AIM OF THE EXERCISE -> Transcribe exactly, and only, the lines from the one containing "человек сильнее, кто" through the end of the entries below, leaving the pictures out.

Stored dataset items:

<<<<

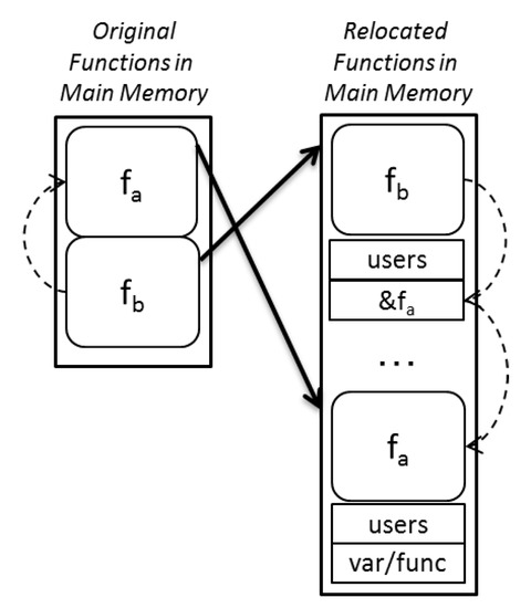 - Cros, F.; Kosmidis, L.; Wartel, F.; Morales, D.; Abella, J.; Broster, I.; Cazorla, F.J. Dynamic software randomisation: Lessons learnec from an aerospace case study. In Proceedings of the Design, Automation Test in Europe Conference Exhibition (DATE), Lausanne, Switzerland, 27–31 March 2017; pp. 103–108. [Google Scholar]
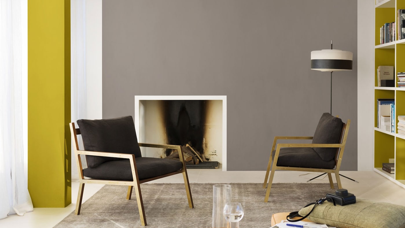 Ce séjour invite à la lecture, à la conversation et à la détente. La surface gris Ombre sur le mur est encore mieux mise en valeur par l’encadrement blanc. Le jaune Madras apporte une touche d’aventure dans cette scène intimiste.
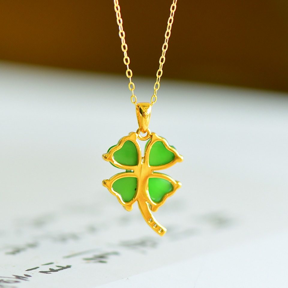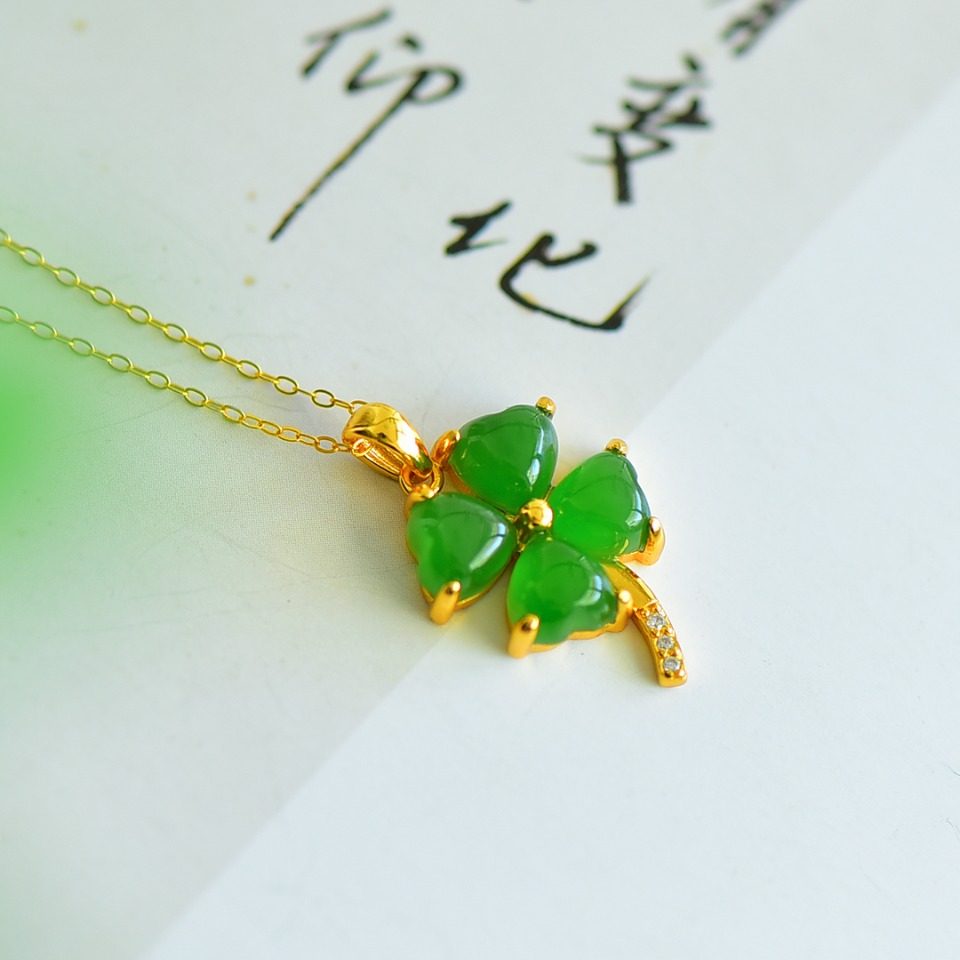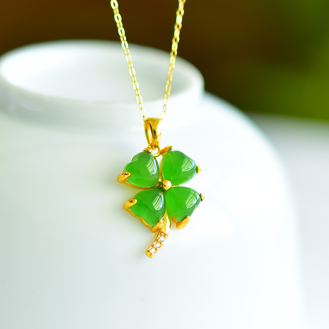 S925银和田玉碧玉心形四叶草玉石吊坠挂件时尚气质女玉坠项链
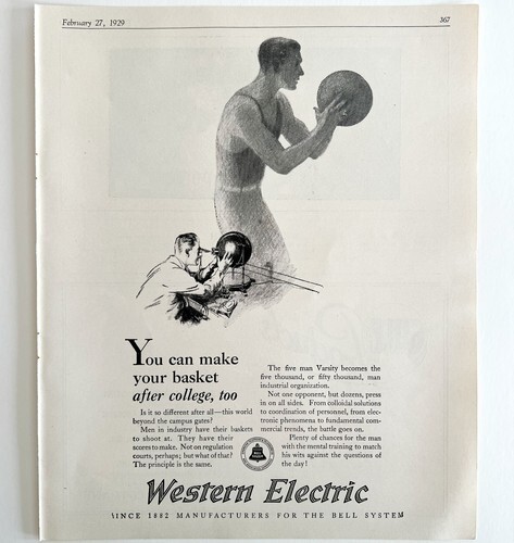 Western Electric Bell System Basketball 1929 Advertisement AT&T Telephone DWCC14
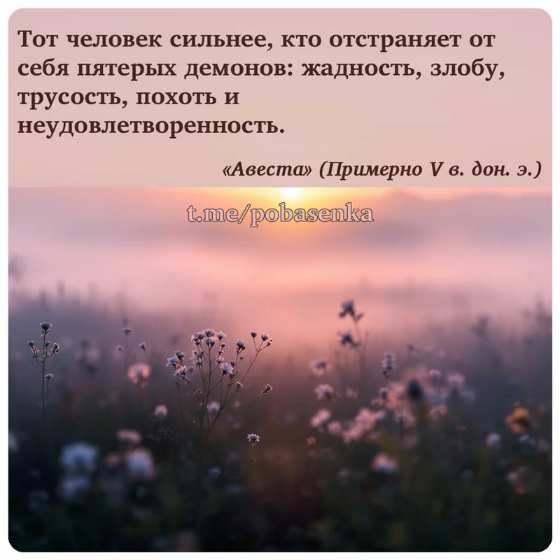 «Тот человек сильнее, кто отстраняет от себя пятерых демонов жадность, злобу, трусость, похоть и...» height="550" width="550"
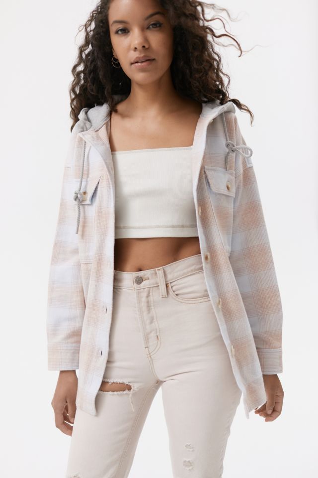 Hooded flannel shirt womens clearance, BDG Lydia Hooded Flannel Shirt Jacket clearance
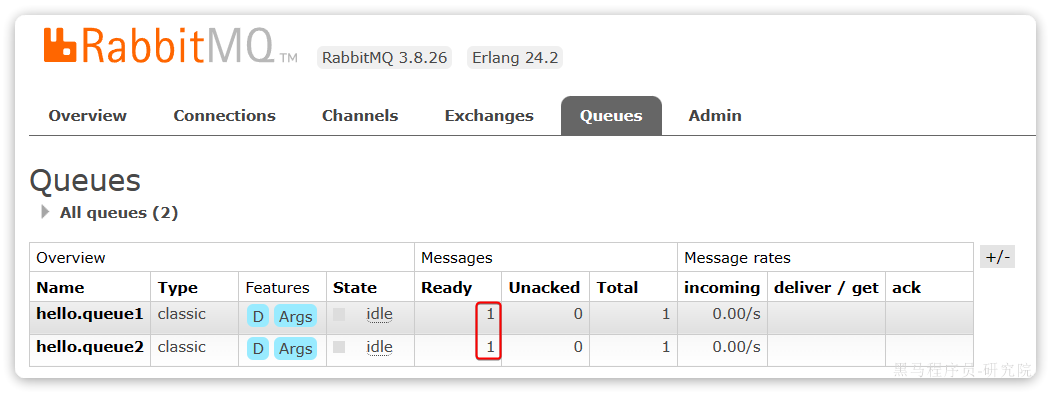这个时候如果有消费者监听了MQ的hello.queue1
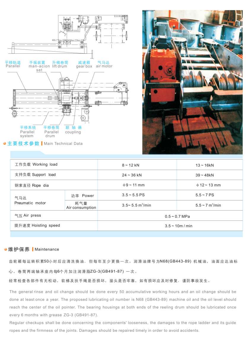 | 鋼索直徑: | 12~13φmm | 工作壓力: | 13~16KN |
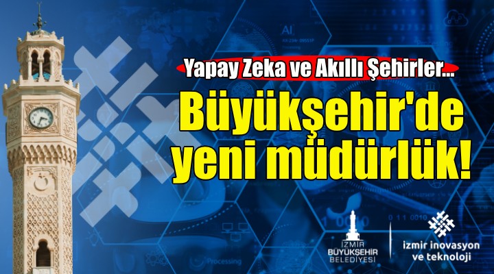 ?zmir Büyük?ehir Belediyesi i?tiraki ?zmir ?novasyon ve Teknoloji A.?. bünyesinde, Yapay Zeka ve Ak?ll? ?ehirler Müdürlü?ü kuruldu. Ba?kan Dr. Cemil Tugay'?n seçim vaatlerinden biri olan müdürlük, ?zmir’i yapay zekada öncü kent yapma hedefiyle inovasyon ve teknoloji odakl? projeleri hayata geçirecek.

>>>>

RESULT ->
 «Тот человек сильнее, кто отстраняет от себя пятерых демонов жадность, злобу, трусость, похоть и...» height="550" width="550"
 Hooded flannel shirt womens clearance, BDG Lydia Hooded Flannel Shirt Jacket clearance
这个时候如果有消费者监听了MQ的hello.queue1
 | 鋼索直徑: | 12~13φmm | 工作壓力: | 13~16KN |
 ?zmir Büyük?ehir Belediyesi i?tiraki ?zmir ?novasyon ve Teknoloji A.?. bünyesinde, Yapay Zeka ve Ak?ll? ?ehirler Müdürlü?ü kuruldu. Ba?kan Dr. Cemil Tugay'?n seçim vaatlerinden biri olan müdürlük, ?zmir’i yapay zekada öncü kent yapma hedefiyle inovasyon ve teknoloji odakl? projeleri hayata geçirecek.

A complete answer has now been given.